(Stored items)
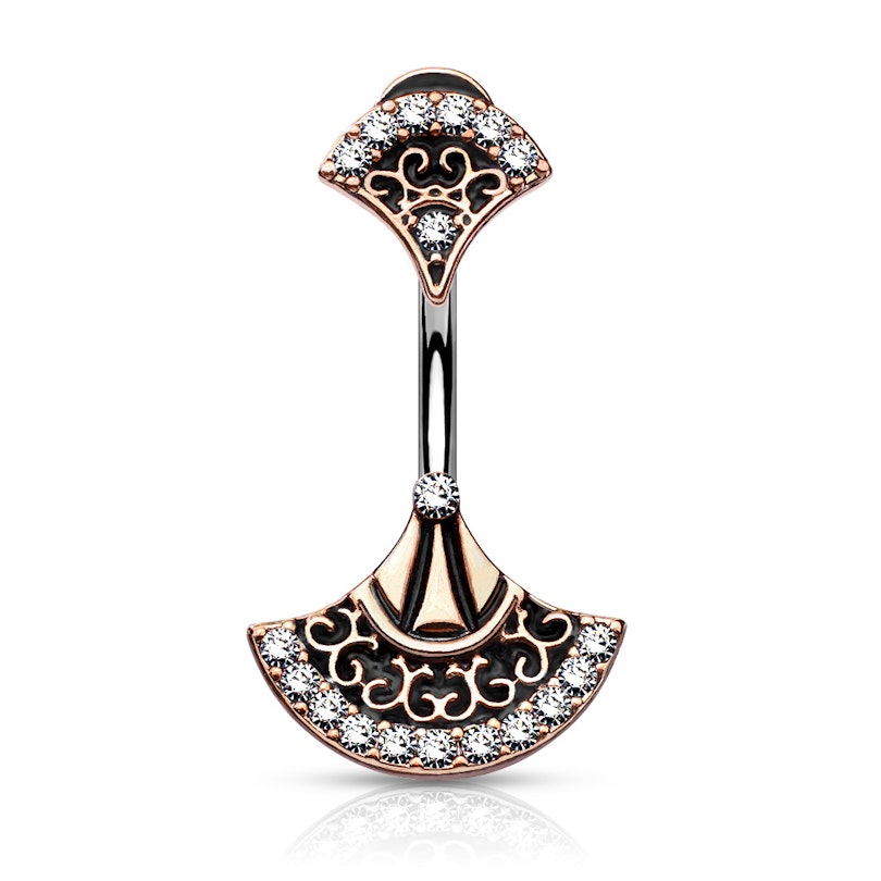 This is an elegant piece of jewelry for your belly piercing. It has a bit of it all: small cute scroll decoration, stones, and beautiful symmetry. The overall look with small clear stones is really elegant. The stones sit on opposite sides of a 3/8" (10 mm) long curved bar. The top of the belly ring includes a fan-shaped part with a total of 7 stones, while the bottom part has a larger fan with as many as 12 stones.
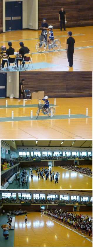次に、団体戦実技試験です。まず、模擬コースを走行します。そして、通称一本橋と呼ばれる25秒走行とスラロームです。なかなか難しいですが、練習の成果を発揮しようとどの子もがんばって挑戦していました。団体戦の次は、個人戦です。一本橋とスラロームに挑戦しました。
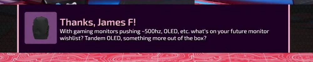 Thanks, James F! With gaming monitors pushing ~500hz, OLED, etc. what's on your future monitor wishlist? Tandem OLED, something more out of the box?
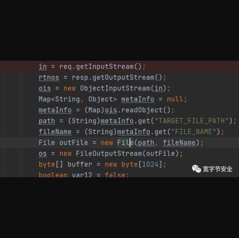 任意文件上传分析代码在servlet.FileReceiveServlet。在这里我们可以看到,从请求中读取流,然后转换为map类型并读取上传文件的路径。然后再读取待上传的文件。
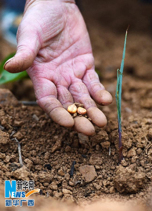 A farmer shows corn that failed to sprout due to the drought in Ren'an village, Fengshan county, Hechi, on April 23. [Photo by Zhang Ailin/Xinhua] |
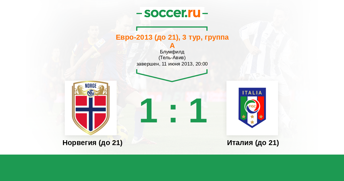 Норвегия (до 21) - Италия (до 21): обзор матча 11 июня 2013
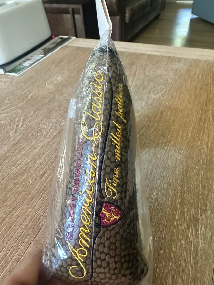 For sale is a brand-new, unused Scotty Cameron Studio Design American Classic putter headcover. This rare headcover features a dark, snakeskin-style texture with elegant gold and red embroidery, including “Scotty Cameron,” “American Classic,” and “Fine Milled Putters” script. It also includes a metal pivot tool, as shown in the photos.
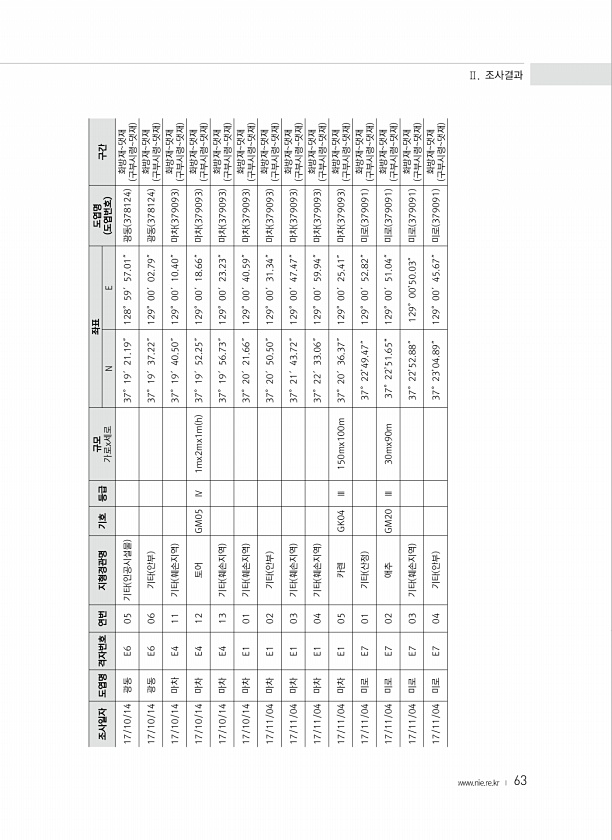 63 조사일자 도엽명 격자번호 연번 지형경관명 기호 등급 규모 가로x세로 좌표 도엽명 N E 도엽번호 구간 17/10/14 광동 E6 05 기타 인공시설물 37°19′21.19″ 128°59′57.01″ 광동 378124 화방재댓재 구부시령댓재 17/10/14 광동 E6 06 기타 안부 37°19′37.22″ 129°00′02.79″ 광동 378124 화방재댓재 구부시령댓재 17/10/14 마차 E4 11 기타 훼손지역 37°19′40.50″ 129°00′10.40″ 마차 379093 화방재댓재 구부시령댓재 17/10/14 마차 E4 12 토어 GM05 Ⅳ 1mx2mx1m h 37°19′52.25″ 129°00′18.66″ 마차 379093 화방재댓재 구부시령댓재 17/10/14 마차 E4 13 기타 훼손지...
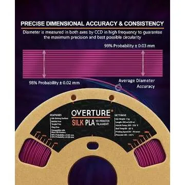 The Overture Silk PLA filament stands out in the highly competitive market of 3D printing materials. It is designed with innovative features, ensuring a clog-free and bubble-free experience. Our patented clog-free formula means you can print continuously without interruptions, while our rigorous drying process and vacuum-sealed packaging preserve the filament's quality for every print job. Each spool is meticulously wound and inspected to eliminate tangling, allowing for a smooth and hassle-free feeding during your high-speed printing tasks.
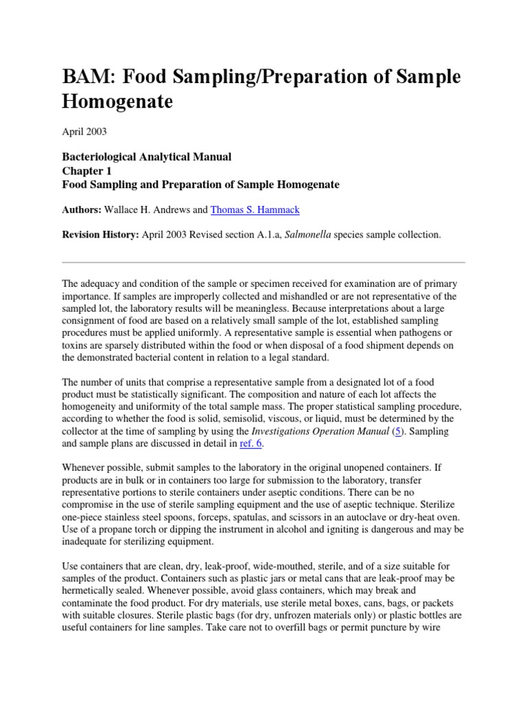 BAM: Food Sampling/Preparation of Sample Homogenate | PDF | Fruit ...
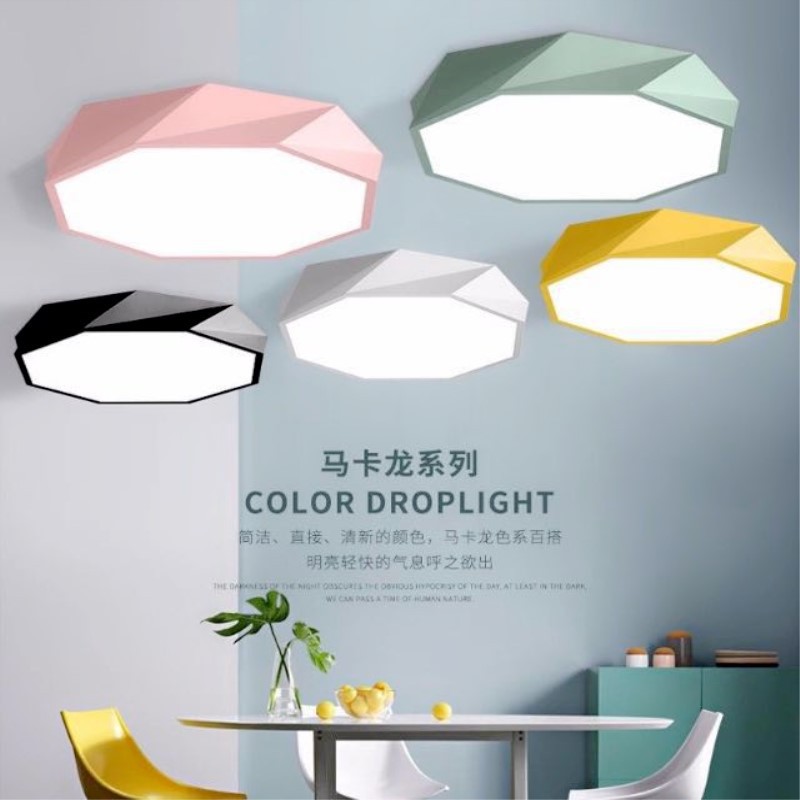 马卡龙吸顶灯lED护眼卧室灯 北欧现代卧室客厅过道儿童菱八角形灯
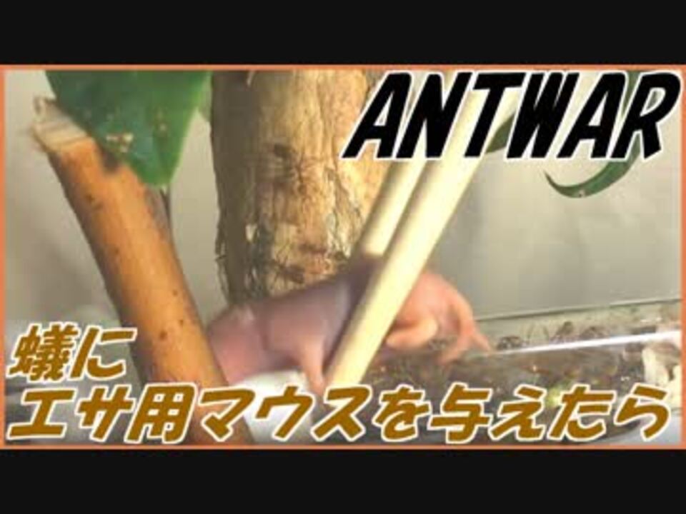<a href="https://www.nicovideo.jp/watch/sm33814025" class="watch">sm33814025</a>←もどる 次へ→ <a href="https://www.nicovideo.jp/watch/sm33840680" class="watch">sm33840680</a><br /><br />火曜・木曜・土曜の週3回更新。 <br /><br /> 蟻戦争マイリスト→<u><a href="https://www.nicovideo.jp/mylist/56298874" target="_blank" rel="noopener">mylist/56298874</a></u><br /><br /> ∧__∧<br /> (・ω・)<今回はエサ用マウスをアリに与える動画です。捕食系動画が苦手な方は閲覧にご注意下さい。<br /><br /> 蟻は高度な社会性を持つ昆虫である。<br /> ~The ANT is advanced social insect.~<br /><br /> 卵を産む役、飼育する役、兵隊役などに分かれ、1つのコミュニティを形成する。<br /> ~ANTs constitute one comunity.ANTs have the part(childbirth,bring
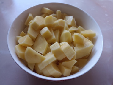 Курицу ставим варится в кипящую подсоленную воду. Картофель нарезаем небольшими кусочками. Когда курица будет готова, добавляем к ней картофель.

- [What needs to be done] What are the lines above from the one with "任意文件上传分析代码在ser" to the one with "BAM: Food Sampling/Preparation", both included? Reproduce them exactly, without pictures.

- [Exercise response]
 任意文件上传分析代码在servlet.FileReceiveServlet。在这里我们可以看到,从请求中读取流,然后转换为map类型并读取上传文件的路径。然后再读取待上传的文件。
 A farmer shows corn that failed to sprout due to the drought in Ren'an village, Fengshan county, Hechi, on April 23. [Photo by Zhang Ailin/Xinhua] |
 Норвегия (до 21) - Италия (до 21): обзор матча 11 июня 2013
 For sale is a brand-new, unused Scotty Cameron Studio Design American Classic putter headcover. This rare headcover features a dark, snakeskin-style texture with elegant gold and red embroidery, including “Scotty Cameron,” “American Classic,” and “Fine Milled Putters” script. It also includes a metal pivot tool, as shown in the photos.
 63 조사일자 도엽명 격자번호 연번 지형경관명 기호 등급 규모 가로x세로 좌표 도엽명 N E 도엽번호 구간 17/10/14 광동 E6 05 기타 인공시설물 37°19′21.19″ 128°59′57.01″ 광동 378124 화방재댓재 구부시령댓재 17/10/14 광동 E6 06 기타 안부 37°19′37.22″ 129°00′02.79″ 광동 378124 화방재댓재 구부시령댓재 17/10/14 마차 E4 11 기타 훼손지역 37°19′40.50″ 129°00′10.40″ 마차 379093 화방재댓재 구부시령댓재 17/10/14 마차 E4 12 토어 GM05 Ⅳ 1mx2mx1m h 37°19′52.25″ 129°00′18.66″ 마차 379093 화방재댓재 구부시령댓재 17/10/14 마차 E4 13 기타 훼손지...
 The Overture Silk PLA filament stands out in the highly competitive market of 3D printing materials. It is designed with innovative features, ensuring a clog-free and bubble-free experience. Our patented clog-free formula means you can print continuously without interruptions, while our rigorous drying process and vacuum-sealed packaging preserve the filament's quality for every print job. Each spool is meticulously wound and inspected to eliminate tangling, allowing for a smooth and hassle-free feeding during your high-speed printing tasks.
 BAM: Food Sampling/Preparation of Sample Homogenate | PDF | Fruit ...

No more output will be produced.